#University of Leeds ##Palodiem Project
Transfer-based Quality Estimation (QE).
Scripts to test different trasnfer learning methods on QE.
*Please update paths accordingly to your system.
##Directories
Scripts: (src/) Transfer-based QE scripts.
Data: (data/) QuEst features and HTER labels frm Autodesk data.
##Features
QuEst: *Dependency: http://www.quest.dcs.shef.ac.uk/
*config for QueEst example: config_en-es.autodesk.properties
Extract QuEst features:
sh extract_quest.sh
Bicvm, bilingual embeddings: *dependency: https://github.com/karlmoritz/bicvm *train bilingual embeddings example:
/data/mrios/workspace/sw/bicvm/bin/dbltrain --input1 autodesk.pt-es.clean.pt --input2 autodesk.pt-es.clean.es --tree plain --type additive --method adagrad --word-width 100 --hinge_loss_margin 128 --model1-out modelA.pt-es.autodesk.100 --model2-out modelB.pt-es.autodesk.100 --noise 10 --batches 20 --eta 0.05 --lambdaD 1 --calc_bi_error1 true --calc_bi_error2 true --iterations 10 &>dblog.pt-es.log
extract bilingual embeddings features:
sh bicvm.sh
##Available transfer models
Self-Taugh Learning (STL):
python src/stlSVR.py --training-examples autodesk.training.en-es.feat --training-labels autodesk.training.en-es.hter --unlabelled-examples autodesk.training.en-pt.feat --test autodesk.test.en-pt.feat --output autodesk.en-pt.pred --epsilon 41.06 --c 0.232 --hidden-layer 50
Spectral Learning: usage:python ccaQEpy [training-features] [training-label] [test-features] [test-labels] [U-file] [hid-size]

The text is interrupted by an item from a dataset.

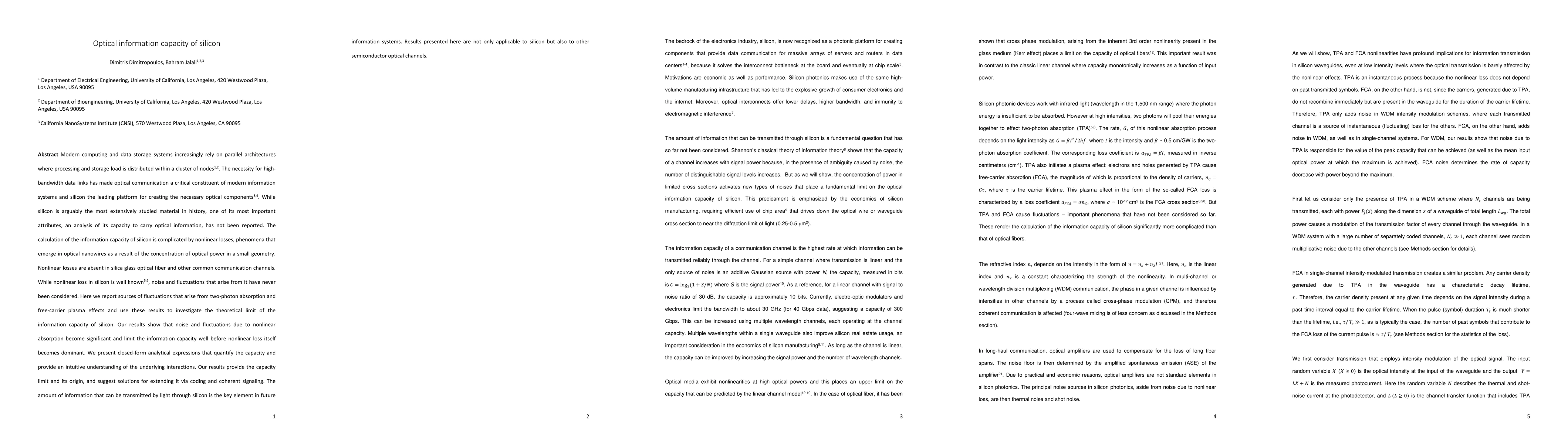 This paper investigates the theoretical limit of optical information capacity in silicon, revealing that noise and fluctuations from nonlinear absorption significantly limit capacity before nonlinear loss becomes dominant. The study provides analytical expressions for this capacity and suggests potential solutions via coding and coherent signaling.

python /data/mrios/workspace/palodiem-qe/ccaQE.py sent.training.autodesk.en-ru.vec autodesk.training.en-ru.hter sent.test.autodesk.en-pl.vec autodesk.test.en-pl.hter sent.training.autodesk.en-pl.vec 10
SRV Baseline:
usage:python SVR.py [training-features] [training-label] [test-features] [test-labels] [C] [epsilon]
python /data/mrios/workspace/palodiem-qe/SVR.py sent.training.autodesk.en-es.pe.quest autodesk.training.en-es.hter sent.test.autodesk.en-pt-es.quest autodesk.test.en-pt-es.clean.goo.hter 41.06 0.232
Latent variable Gaussian Process (LVGP):
*We use the LVGP instead of autoencoder to perfom STL.
usage:python GPReg.3.py [training-features] [training-label] [test-features] [test-label] [u-file] [hid-dim] [output]
python /data/mrios/workspace/palodiem-qe/GPReg.3.py ../autodesk/sent.training.autodesk.en-es.pe.quest ../autodesk/autodesk.training.en-es.hter wmt12.test.en-es.quest wmt12.test.en-es.goo.hter wmt12.training.en-es.quest 10 deepGP.pred
Transfer SVM (classification only):
sh src/tsvm.sh